Switching into keto can be a miserable experience though, so you're right about that. Once in keto it's chill.

[–] BCsven@lemmy.ca 2 points 4 months ago

The thing with keto is when overweight people start they are overeating, and so dropping carbs puts them into calorie deficit for sustaining the bodily functions. Then forcing the body to have no quick fuel availble starts ketosis.

But over eating on keto can keep you from losing weight. Look to the traditional diet Inuit First nation that survived in the tundra on meats and fats. They weren't in ketosis

[–] Showroom7561@lemmy.ca 2 points 4 months ago

While "true" at face value, it's important to note what kind of weight loss people are experiencing.

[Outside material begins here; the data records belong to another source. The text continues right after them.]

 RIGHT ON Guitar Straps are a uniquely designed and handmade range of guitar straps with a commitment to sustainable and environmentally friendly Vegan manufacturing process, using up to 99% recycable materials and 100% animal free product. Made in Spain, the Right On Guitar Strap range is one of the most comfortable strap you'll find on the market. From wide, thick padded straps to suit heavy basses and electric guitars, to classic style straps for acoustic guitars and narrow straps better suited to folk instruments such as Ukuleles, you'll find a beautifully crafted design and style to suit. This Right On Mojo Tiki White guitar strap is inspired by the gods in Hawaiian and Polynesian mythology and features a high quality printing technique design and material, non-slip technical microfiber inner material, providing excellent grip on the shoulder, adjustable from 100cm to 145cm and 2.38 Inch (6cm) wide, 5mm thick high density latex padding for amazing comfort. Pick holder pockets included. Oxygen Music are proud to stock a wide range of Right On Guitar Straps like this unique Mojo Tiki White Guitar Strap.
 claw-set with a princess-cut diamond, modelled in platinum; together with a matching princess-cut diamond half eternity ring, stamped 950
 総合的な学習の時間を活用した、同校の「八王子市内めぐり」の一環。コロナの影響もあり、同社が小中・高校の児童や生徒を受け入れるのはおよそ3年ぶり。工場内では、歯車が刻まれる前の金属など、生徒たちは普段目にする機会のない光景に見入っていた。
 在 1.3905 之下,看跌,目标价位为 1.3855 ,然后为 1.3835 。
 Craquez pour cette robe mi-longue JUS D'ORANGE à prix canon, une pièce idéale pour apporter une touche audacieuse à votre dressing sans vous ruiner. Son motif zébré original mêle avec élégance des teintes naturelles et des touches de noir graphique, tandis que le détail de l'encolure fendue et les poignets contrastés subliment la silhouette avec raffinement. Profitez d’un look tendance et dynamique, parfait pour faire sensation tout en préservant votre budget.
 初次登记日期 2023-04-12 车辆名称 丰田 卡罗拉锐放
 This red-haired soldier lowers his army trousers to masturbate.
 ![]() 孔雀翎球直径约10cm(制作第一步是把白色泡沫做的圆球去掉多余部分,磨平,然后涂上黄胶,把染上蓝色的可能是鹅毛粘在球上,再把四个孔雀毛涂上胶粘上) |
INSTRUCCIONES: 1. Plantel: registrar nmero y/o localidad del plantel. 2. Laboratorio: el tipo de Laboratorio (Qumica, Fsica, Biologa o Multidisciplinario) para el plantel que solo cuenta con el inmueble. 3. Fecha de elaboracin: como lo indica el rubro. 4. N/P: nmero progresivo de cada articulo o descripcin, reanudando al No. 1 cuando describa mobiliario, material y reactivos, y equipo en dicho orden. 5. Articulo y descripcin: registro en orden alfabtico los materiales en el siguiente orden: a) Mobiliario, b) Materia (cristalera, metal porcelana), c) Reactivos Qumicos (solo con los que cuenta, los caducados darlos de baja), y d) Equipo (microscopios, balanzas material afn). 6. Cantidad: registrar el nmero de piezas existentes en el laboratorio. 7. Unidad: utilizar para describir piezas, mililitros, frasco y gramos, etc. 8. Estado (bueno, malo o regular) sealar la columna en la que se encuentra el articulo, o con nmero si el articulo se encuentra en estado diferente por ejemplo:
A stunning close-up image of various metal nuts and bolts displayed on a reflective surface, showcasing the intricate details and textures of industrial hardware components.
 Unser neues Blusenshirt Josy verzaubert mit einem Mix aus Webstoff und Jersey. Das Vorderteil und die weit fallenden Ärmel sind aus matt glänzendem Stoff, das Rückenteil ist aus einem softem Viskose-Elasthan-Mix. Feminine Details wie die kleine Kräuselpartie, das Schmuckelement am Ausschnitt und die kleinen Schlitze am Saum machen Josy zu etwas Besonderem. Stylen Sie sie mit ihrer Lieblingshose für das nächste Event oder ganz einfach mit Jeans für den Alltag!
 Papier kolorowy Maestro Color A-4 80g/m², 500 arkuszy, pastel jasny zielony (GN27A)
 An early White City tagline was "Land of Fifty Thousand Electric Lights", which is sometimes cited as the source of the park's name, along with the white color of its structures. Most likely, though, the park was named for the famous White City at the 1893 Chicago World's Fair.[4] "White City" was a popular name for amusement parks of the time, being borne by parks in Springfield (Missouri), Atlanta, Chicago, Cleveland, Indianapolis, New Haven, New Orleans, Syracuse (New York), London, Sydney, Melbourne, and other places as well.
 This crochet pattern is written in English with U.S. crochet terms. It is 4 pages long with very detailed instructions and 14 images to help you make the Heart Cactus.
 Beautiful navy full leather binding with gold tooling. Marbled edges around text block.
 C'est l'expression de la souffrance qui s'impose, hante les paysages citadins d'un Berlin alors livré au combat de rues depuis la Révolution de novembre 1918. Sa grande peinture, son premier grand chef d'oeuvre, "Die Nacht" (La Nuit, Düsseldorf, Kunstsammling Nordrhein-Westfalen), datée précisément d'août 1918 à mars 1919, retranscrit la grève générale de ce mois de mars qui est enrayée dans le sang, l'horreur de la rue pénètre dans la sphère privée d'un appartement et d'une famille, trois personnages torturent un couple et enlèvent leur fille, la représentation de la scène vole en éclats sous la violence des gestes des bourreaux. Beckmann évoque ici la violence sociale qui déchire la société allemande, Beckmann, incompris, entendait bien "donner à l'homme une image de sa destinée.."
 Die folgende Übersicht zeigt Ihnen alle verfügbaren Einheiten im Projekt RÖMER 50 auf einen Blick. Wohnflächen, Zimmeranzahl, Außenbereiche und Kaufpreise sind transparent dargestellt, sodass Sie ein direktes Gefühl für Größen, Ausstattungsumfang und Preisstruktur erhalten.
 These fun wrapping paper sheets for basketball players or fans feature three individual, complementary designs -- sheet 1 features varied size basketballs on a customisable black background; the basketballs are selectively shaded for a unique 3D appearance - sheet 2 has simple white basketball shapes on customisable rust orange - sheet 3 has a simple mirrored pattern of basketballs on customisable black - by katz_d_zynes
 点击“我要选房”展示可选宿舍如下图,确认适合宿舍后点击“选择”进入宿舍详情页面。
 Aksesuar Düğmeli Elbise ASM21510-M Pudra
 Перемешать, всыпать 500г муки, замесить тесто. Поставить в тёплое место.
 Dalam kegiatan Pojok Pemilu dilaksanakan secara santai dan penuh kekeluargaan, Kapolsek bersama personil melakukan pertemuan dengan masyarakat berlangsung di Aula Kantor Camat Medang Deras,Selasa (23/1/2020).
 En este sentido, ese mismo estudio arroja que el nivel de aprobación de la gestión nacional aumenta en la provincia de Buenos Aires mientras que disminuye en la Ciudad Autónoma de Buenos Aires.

Many of those diets cause water and muscle loss, so while you're losing "weight", it's the wrong kind of weight to lose! LOL

[–] cordlesslamp@lemmy.today 2 points 4 months ago (4 children)

How does eating foods with more fat help losing weight? What am I missing?

[–] sarchar@programming.dev 10 points 4 months ago

Fat doesn't make you fat. Overeating is generally the problem. Check out a book called The Big Fat Surprise -- it's quite a good read.

Because from a weight-loss perspective it doesn't matter what you eat, only how much calories you stuff into your mouth. You could eat nothing but bacon and still lose weight, if you eat only so much that you still burn more calories per day than the bacon delivers. If you keep your portions the same size but move to food with more calories, you will of course gain weight.

[–] BCsven@lemmy.ca 3 points 4 months ago

Fat can also trigger parts of your system to stop craving it, so you stop trying to aquire it by overeating. There are some science articles about it.

Staving off constant hunger can be as easy as cooking up a lentil (daal) soup that has some oil/butter in it. The lentils make you get a very full satisfied feeling in the bowel and the fats hit the part that wants fats.

[–] Don_alForno@feddit.de 2 points 4 months ago

Carbs are processed first, so if you don't eat carbs, in theory your body will burn depot fat earlier.

You still need to eat less calories than you burn though.

[–] Jake_Farm@sopuli.xyz 1 points 4 months ago

Metabolism can help or hinder weight loss depending on the diet.